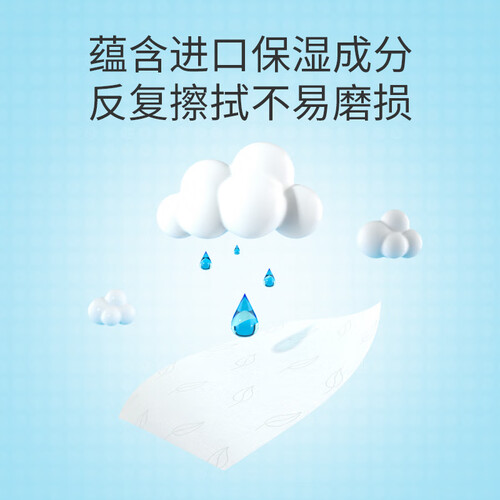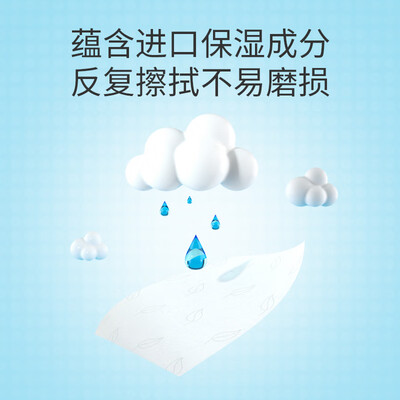 采用水刺工艺和无纺布材质,具有温柔的触感和较好的擦拭清洁效果,含有天然植物萃取的护肤成分,对宝宝肌肤更温和。
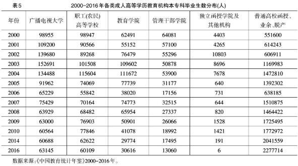 进入21世纪以来,每年从普通高校取得成人学历资格证书的毕业生数远超其他五类成人高等教育机构毕业生总数,从表5所显示的幅度差距可见,普通高校举办的成人高等学历教育毕业生规模之大,已使其几乎足以脱离于由其他五类独立设置的成人高等教育机构所构成的成人高等教育系统。2006年普通高校的成人高等学历毕业生数陡然跌入64万低谷,在2007年又陡增至150万,2016年继续增至228万(见表5)。
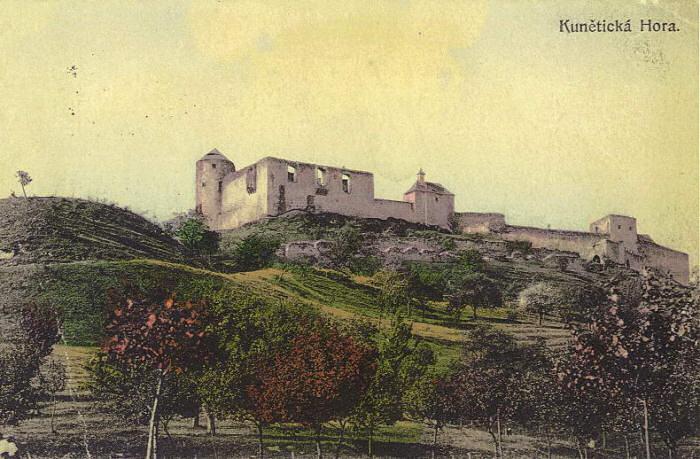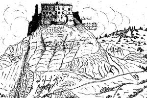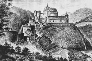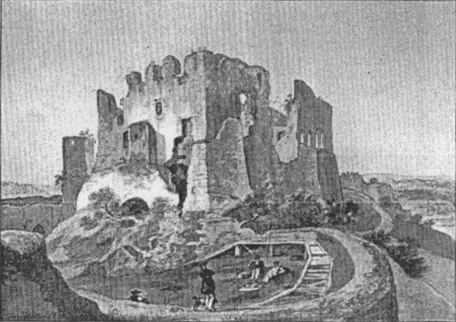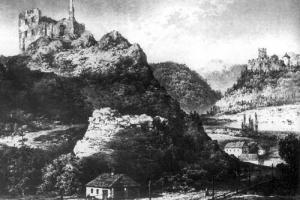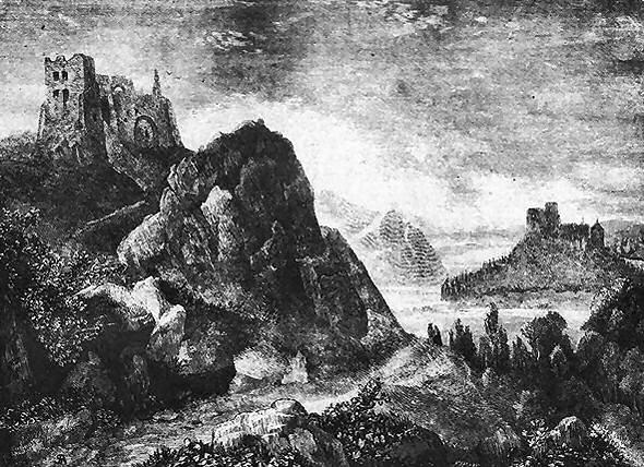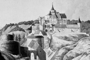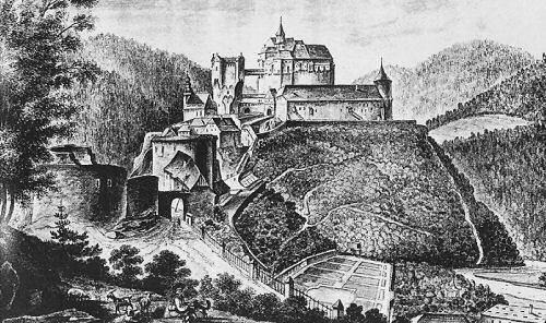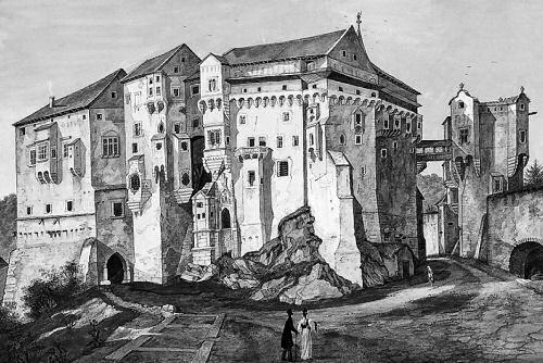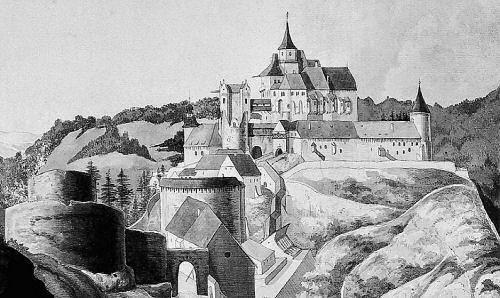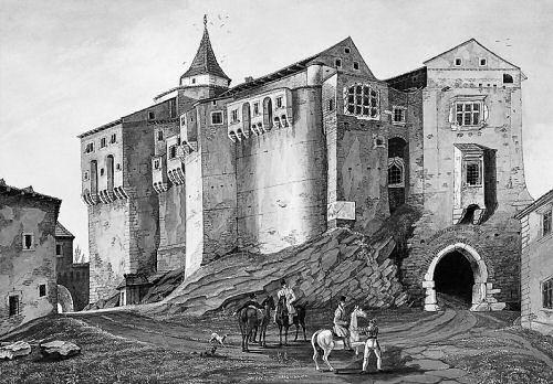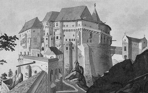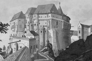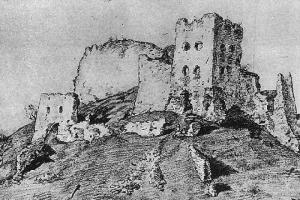 Jádro hradu od severovýchodu (kolorovaná kresba F. Richtera z roku 1833)

_Exercise directions_.
Without the pictures, write out the whole listing above exactly as it appears.

_Solution for this exercise_.
 采用水刺工艺和无纺布材质,具有温柔的触感和较好的擦拭清洁效果,含有天然植物萃取的护肤成分,对宝宝肌肤更温和。
 进入21世纪以来,每年从普通高校取得成人学历资格证书的毕业生数远超其他五类成人高等教育机构毕业生总数,从表5所显示的幅度差距可见,普通高校举办的成人高等学历教育毕业生规模之大,已使其几乎足以脱离于由其他五类独立设置的成人高等教育机构所构成的成人高等教育系统。2006年普通高校的成人高等学历毕业生数陡然跌入64万低谷,在2007年又陡增至150万,2016年继续增至228万(见表5)。
 Jádro hradu od severovýchodu (kolorovaná kresba F. Richtera z roku 1833)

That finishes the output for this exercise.